2. in PSQ 96 orifice plates, add the Annealing Buffer that 40 μ l contain 0.5 μ M sequencing primer in advance.
3. use Vertex mixing Sepharose Beads (streptavidin sepharose HP), the Sepharose Beads total amount (every sample 3 μ l) that needs use is transferred in the Eppendorf pipe; In Sepharose Beads, add Binding Buffer, make average each sample that the volume of 40 μ l arranged approximately, the mixture mixing.

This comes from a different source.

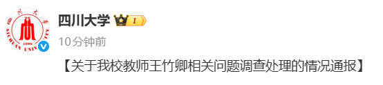今晚(2月14日),四川大学发布“关于我校教师王竹卿相关问题调查处理的情况通报”: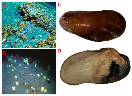 7. Duperron, S.; Lorion, J.; Samadi, S.; Gros, O.; Gaill, F. Symbioses between deep-sea mussels (Mytilidae: Bathymodiolinae) and chemosynthetic bacteria: Diversity, function and evolution. C. R. Biol. 2009, 332, 298–310. [Google Scholar] [CrossRef] [PubMed]

4. above mixture is added in the PCR product (40 μ l reaction volume) every sample 40 μ l; With PCR product mixing 5min at normal temperatures, make Beads combine with vitamin H.
5. in Vacuum Prep Workstation, add 180ml high purity water, 70% alcohol, Washing Buffer and Denaturation Buffer in four sample panel successively; Open the pump of Vacuum Prep Workstation, Vacuum Prep Tool is cleaned 30sec in high purity water, then Vacuum Prep Tool is moved on in the PCR plate, grasp Sepharose Beads.
6. pick up the PCR plate, whether most of Beads has been attracted on the Vacuum Prep Tool in inspection; Vacuum Prep Tool is put into 70% ethanol 5sec, move on to 5sec among the Denatureation Buffer then, move on to again among the Washing Buffer and clean 5-10sec; Turn off pump.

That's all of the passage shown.